About the song—it was written by Jerry Ragovy and Mort Shuman (the guy who, among many songs written, worked on those Jacques Brel translations I’ve mentioned before) and was a 1966 radio song. Janis takes it away for her own, and watching her “recover herself” at the song's end, after putting it out there—on talk television, no less!—is affecting. I’m pretty sure I caught at least one of these Cavett appearances when it occurred because I know I saw her on TV and if wasn’t then, it must’ve been on Tom Jones. Anyway, it’s still something to see.

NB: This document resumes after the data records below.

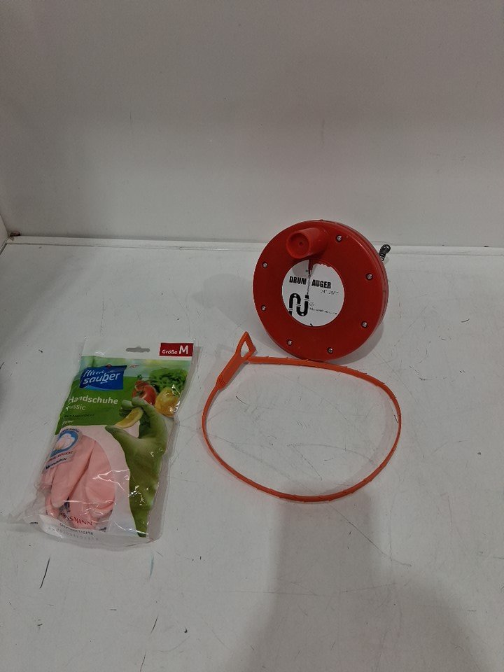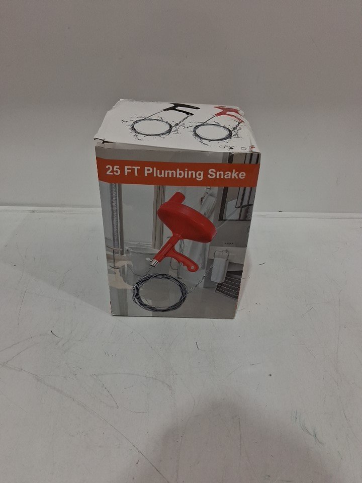 FORLIVESE drain plumbing snake with gloves - for unclogging sinks - 25ft , 1/4" thick - red
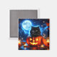 Magnet is shown with a Halloween art print of a black cat sitting in the pumpkin.
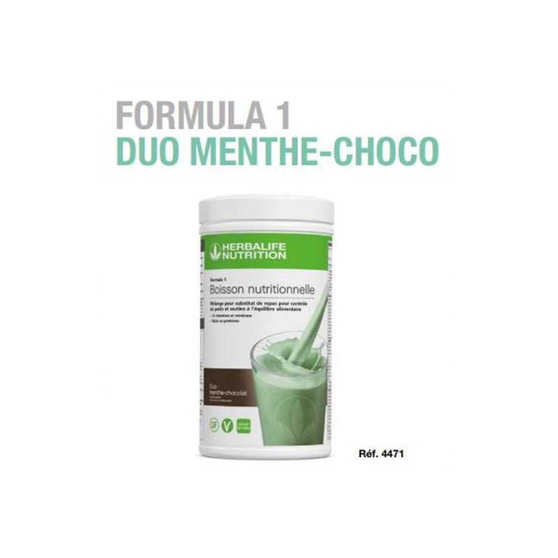 La saveur mentholée du Shake de Formula 1 Herbalife duo menthe chocolat est un excellent choix pour rafraichir vos papilles. Délicieux, crémeux et riche en nutriments, il remplace parfaitement un repas équilibré. Dans le cadre de votre programme minceur Herbalife, substituez deux repas par jour avec votre Shake Herbalife (petit-déjeuner et dîner ou petit-déjeuner et déjeuner en fonction de vos impératifs familiaux, sociaux ou professionnels).
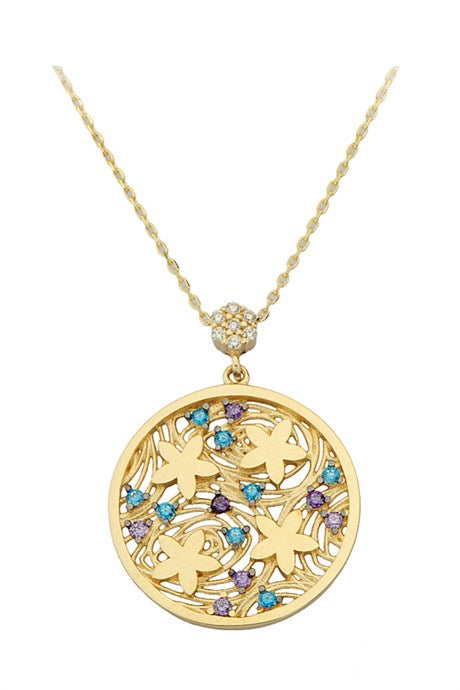 Solid Gold Colorful Gemstone Flower Necklace | 14K (585) | 3.39 gr
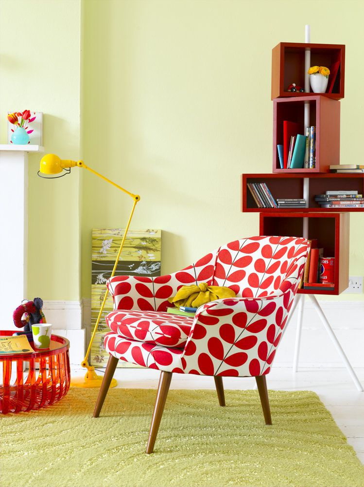 The warm palette is well perceived in the design, made for ethnic, retro styles and country. Warming ability will be needed to create a special homely atmosphere, especially if it is yellow in the interior of a living room, kitchen or dining room. This range is especially interesting in the addition of orange, green and terracotta shades.
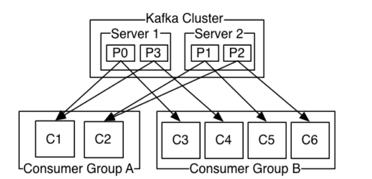 说明:由2个broker组成的kafka集群,总共有4个Parition(P0-P3)。这个集群由2个Consumer Group, A有2个 consumer instances ,而B有四个.
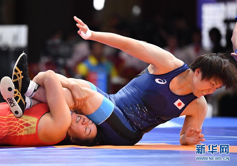 8月21日,中国选手周倩(下)在比赛中。 当日,在第18届亚运会摔跤女子自由式76公斤级决赛中,中国选手周倩以8比0战胜日本选手皆川博惠,获得金牌。 新华社记者李贺摄
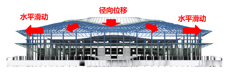 項目屋蓋鋼結(jié)構(gòu)通過滑動支座與下部36根排架柱焊接固定,卸載過程支座會產(chǎn)生水平滑動,對卸載精度將產(chǎn)生影響。項目聯(lián)合重慶大學(xué)科研團隊研發(fā)“正向施工過程分析和反向迭代計算”,為鋼結(jié)構(gòu)施工預(yù)變形分析提供算法支撐,成功將滑動支座安裝精度控制在±30mm內(nèi)。
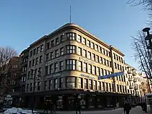 Landsbergis's father, the playwright Gabrielius Landsbergis-Žemkalnis, was an active supporter of the Lithuanian National Revival. Landsbergis studied architecture at the Riga Polytechnical Institute. During World War I, he was drafted to the Imperial Russian Army and completed a school for junior officers. Upon return to Lithuania, he joined the newly established Lithuanian Army and fought in the Lithuanian Wars of Independence. He was taken prisoner by Poland, but managed to escape. He then continued his studies of architecture at the Higher School of Architecture in Rome (now a department of the Sapienza University). Landsbergis returned to Lithuania in 1926 and became one of the most popular and sought-after architects in Kaunas, the temporary capital of Lithuania. He was one of the leaders of a group of about 40 modernist architects working in Kaunas.[1] Eight of his buildings were included in a group 44 buildings awarded the European Heritage Label in 2015. Overall, the modernist architecture of interwar Kaunas has been placed on the UNESCO World Heritage Tentative List in 2017.[2]

Of course, today’s song is all about holding onto the love of a man, which is conceived of as fairly slippery. And listen to how she sweetens the “if anybody should come along / He gonna give you  love and affection” and gets so strident and insistent with “I’d say ‘get it while you can’”—and then that string of “get it, want it, need it, hold it” that becomes a rather succinct game plan for how to hold onto love, which is what the song is all about, while always acknowledging that “while you can” implies that you might not “get it” whenever you want nor for as long as you’d like, while “want it” and “need it” might also not be permanent states.

Which is all a way of underscoring that it’s truly a miraculous thing—in its way—if you get it when you want it and can hold it while you need it. The blues that Janis sings comes from the fact that that so rarely occurs and then the sorrow seems all there is. But her singing on this song is as a kind of emotional survival tactic—to not let the losses outweigh the gains.